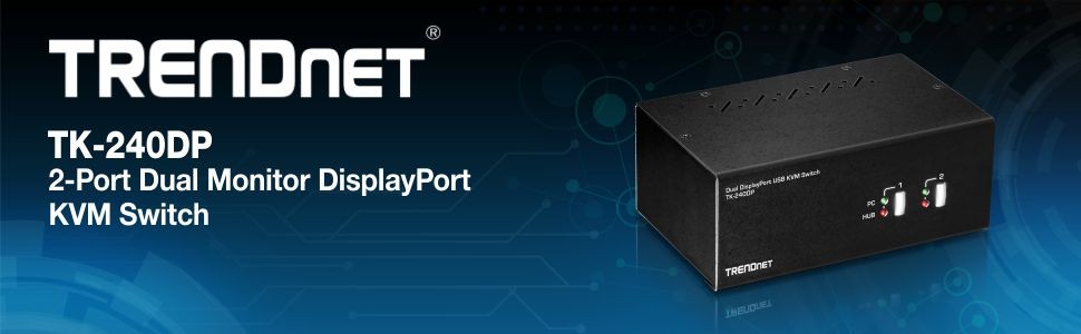 TRENDnet's 2-Port Dual Monitor DisplayPort KVM Switch allows you to control two computers with one set of console controls. The TK-240DP is designed for dual monitor systems with USB mouse and keyboard connections; it also includes a bonus two-port USB hub. Experience up to 4K UHD resolutions with TRENDnet’s TK-240DP.
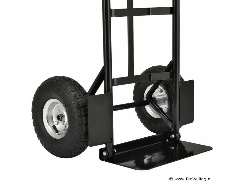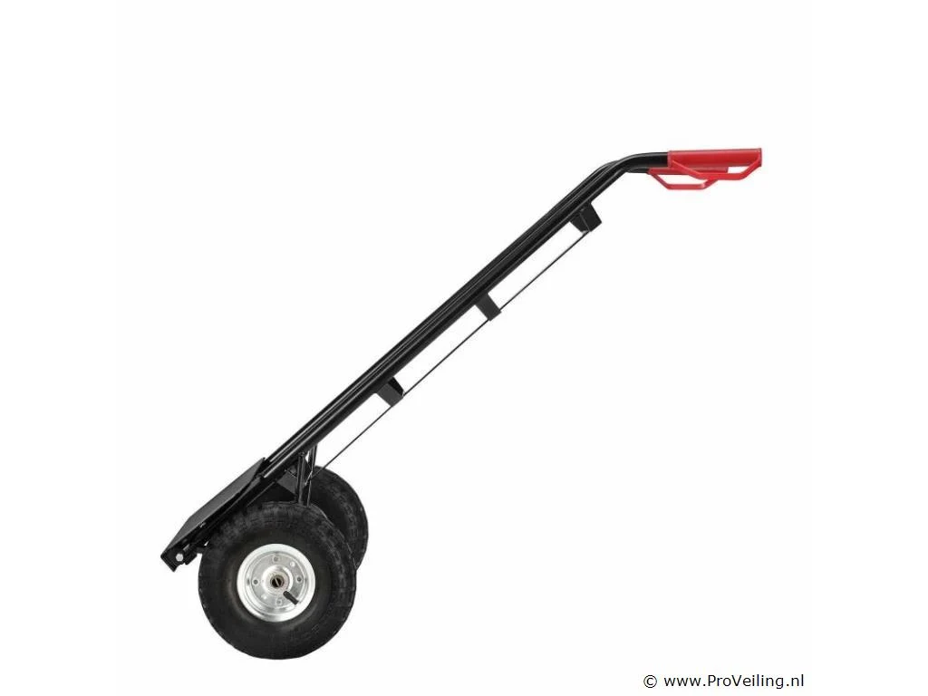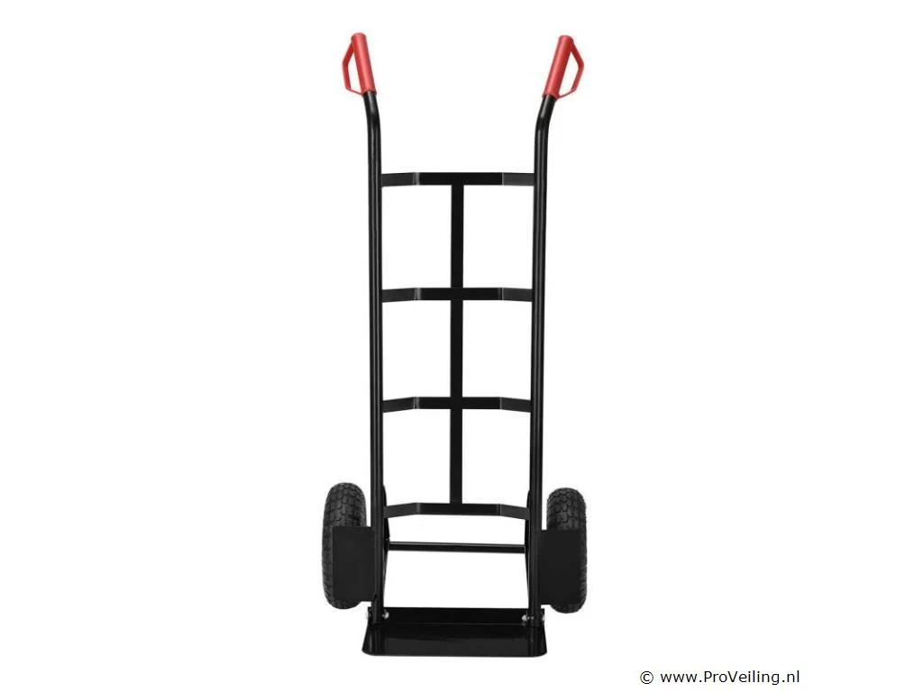 De praktische steekwagen Basic 100 kg met grote wielen en rode handvatten is de ideale hulp bij het vervoeren van zware en onhandelbare voorwerpen. Drankkratten, verhuisdozen, meubels of elektronische apparaten - met deze robuuste stalen steekwagen vervoert u alles snel en eenvoudig. De transportwagen is geschikt voor zowel binnen- als buitengebruik. Het is gemakkelijk te rangschikken. Obstakels zoals trappen of stenen worden gemakkelijk overwonnen. U bespaart veel tijd en moeite en beschermt ook uw rug. Technische specificaties: Draagvermogen: max. 100 kg Gewicht: 9kg Kleur: zwart, rood Materiaal: staal, kunststof Afmetingen (ongeveer): Hoogte: 118cm Breedte: 44cm Laadschop: 35,5 x 19 cm Leveringsomvang: 1 x steekwagen 1 x Duitstalige montagehandleiding
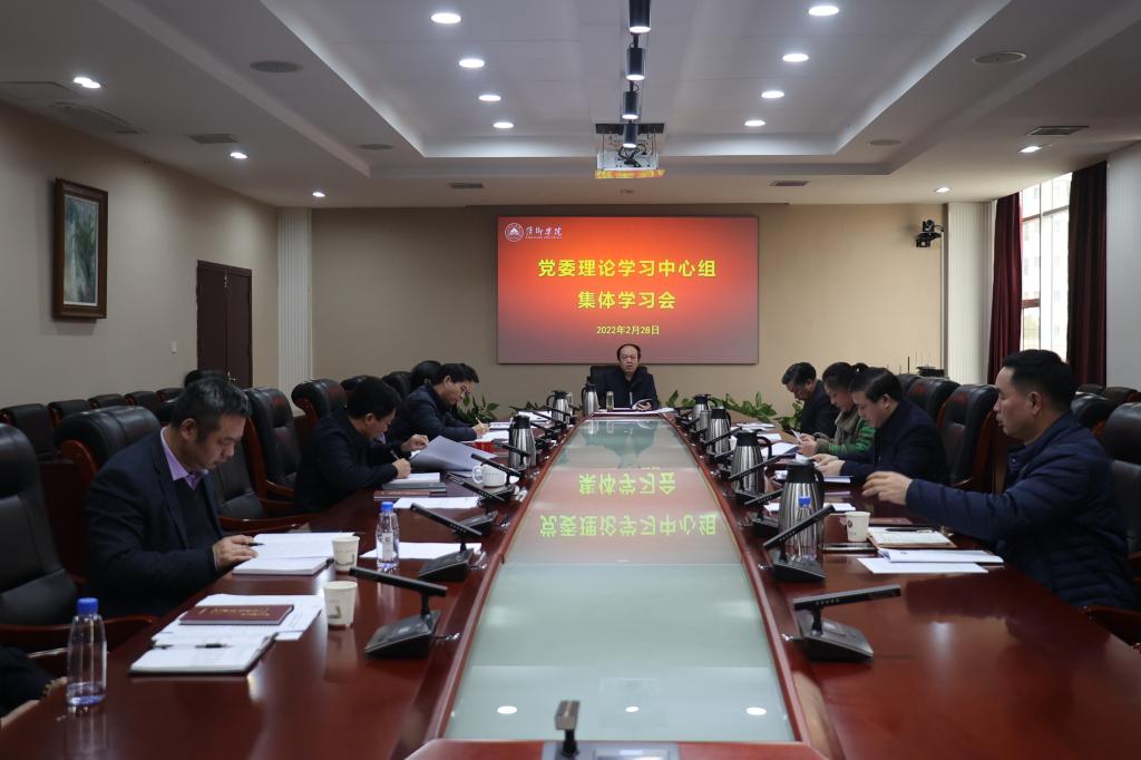 2月28日,我校在至善楼第一会议室召开党委理论学习中心组集体学习会,主要学习习近平总书记在省部级主要领导干部学习贯彻党的十九届六中全会精神专题研讨班开班式上的重要讲话精神、习近平总书记主持十九届中共中央政治局第三十六次集体学习时的重要讲话精神、省委书记易炼红同志在萍乡调研时的讲话精神等内容。党委理论学习中心组全体成员参加学习。学习会由校党委书记陈金印主持。
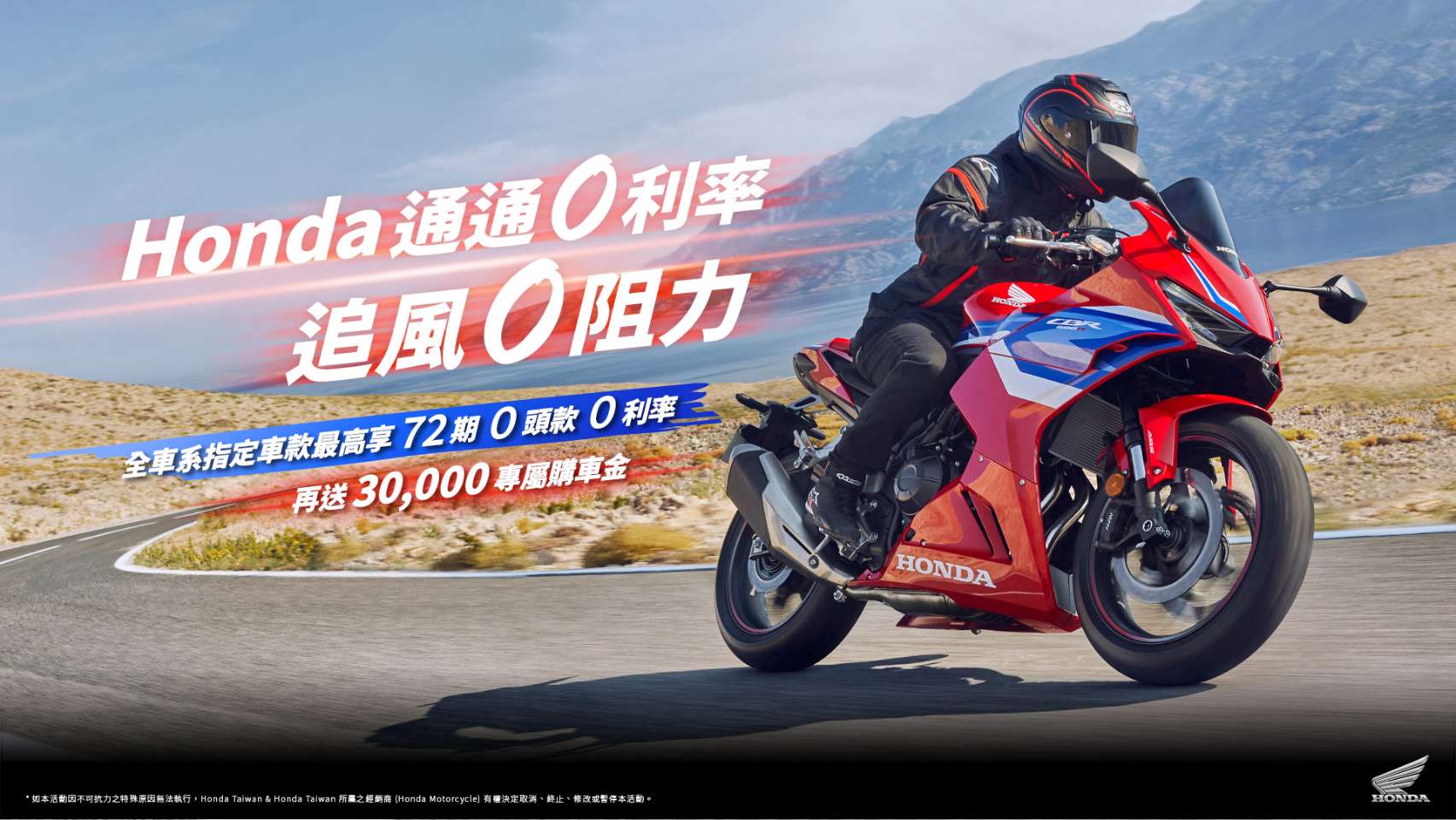 本月特別推出 「風格隨行 任性開騎」 專案,凡訂購最具個性的Rebel500、Rebel 1100,即可享有 30萬30期零利率,購車再送馬鞍包左右套組,完美融合率性風格與裝載便利性。針對全能冒險家XL750 Transalp 推出「遊你領航 最終季」方案,運動強化版(含水箱防護網、前防護桿、支架、引擎防護桿、引擎下護板、護弓支架、快速換檔套件 價值:60,202) 運動化的外觀與配備,熱血風格全面進化,售價:488,000 ; 騎旅機能版(含專屬側箱組、專用支架、鋁合金面板 價值:45,860)再享72期,零頭款、零利率之外,再送三萬元購車金,搭載科技新潮流的CB650R E-Clutch以及CBR650R E-Clutch,享30萬、30期 0利率優惠,限時再送Shoei Z-8安全帽,為所有騎士帶來前所未有的輕鬆駕馭體驗,再針對多款人氣機種提供超值的「通通零利率 追風零阻力」專案,全車系指定車款最高享72期、0頭款、0利率 再送3萬專屬購車金,不論是日常通勤、假日出遊或冒險壯遊,都能無壓力且無負擔入主Honda人氣二輪機種,享受專屬於騎士的馳騁自由。
==*==
Write out each line of the data exactly; the images should be left out.

 TRENDnet's 2-Port Dual Monitor DisplayPort KVM Switch allows you to control two computers with one set of console controls. The TK-240DP is designed for dual monitor systems with USB mouse and keyboard connections; it also includes a bonus two-port USB hub. Experience up to 4K UHD resolutions with TRENDnet’s TK-240DP.
 De praktische steekwagen Basic 100 kg met grote wielen en rode handvatten is de ideale hulp bij het vervoeren van zware en onhandelbare voorwerpen. Drankkratten, verhuisdozen, meubels of elektronische apparaten - met deze robuuste stalen steekwagen vervoert u alles snel en eenvoudig. De transportwagen is geschikt voor zowel binnen- als buitengebruik. Het is gemakkelijk te rangschikken. Obstakels zoals trappen of stenen worden gemakkelijk overwonnen. U bespaart veel tijd en moeite en beschermt ook uw rug. Technische specificaties: Draagvermogen: max. 100 kg Gewicht: 9kg Kleur: zwart, rood Materiaal: staal, kunststof Afmetingen (ongeveer): Hoogte: 118cm Breedte: 44cm Laadschop: 35,5 x 19 cm Leveringsomvang: 1 x steekwagen 1 x Duitstalige montagehandleiding
 2月28日,我校在至善楼第一会议室召开党委理论学习中心组集体学习会,主要学习习近平总书记在省部级主要领导干部学习贯彻党的十九届六中全会精神专题研讨班开班式上的重要讲话精神、习近平总书记主持十九届中共中央政治局第三十六次集体学习时的重要讲话精神、省委书记易炼红同志在萍乡调研时的讲话精神等内容。党委理论学习中心组全体成员参加学习。学习会由校党委书记陈金印主持。
 本月特別推出 「風格隨行 任性開騎」 專案,凡訂購最具個性的Rebel500、Rebel 1100,即可享有 30萬30期零利率,購車再送馬鞍包左右套組,完美融合率性風格與裝載便利性。針對全能冒險家XL750 Transalp 推出「遊你領航 最終季」方案,運動強化版(含水箱防護網、前防護桿、支架、引擎防護桿、引擎下護板、護弓支架、快速換檔套件 價值:60,202) 運動化的外觀與配備,熱血風格全面進化,售價:488,000 ; 騎旅機能版(含專屬側箱組、專用支架、鋁合金面板 價值:45,860)再享72期,零頭款、零利率之外,再送三萬元購車金,搭載科技新潮流的CB650R E-Clutch以及CBR650R E-Clutch,享30萬、30期 0利率優惠,限時再送Shoei Z-8安全帽,為所有騎士帶來前所未有的輕鬆駕馭體驗,再針對多款人氣機種提供超值的「通通零利率 追風零阻力」專案,全車系指定車款最高享72期、0頭款、0利率 再送3萬專屬購車金,不論是日常通勤、假日出遊或冒險壯遊,都能無壓力且無負擔入主Honda人氣二輪機種,享受專屬於騎士的馳騁自由。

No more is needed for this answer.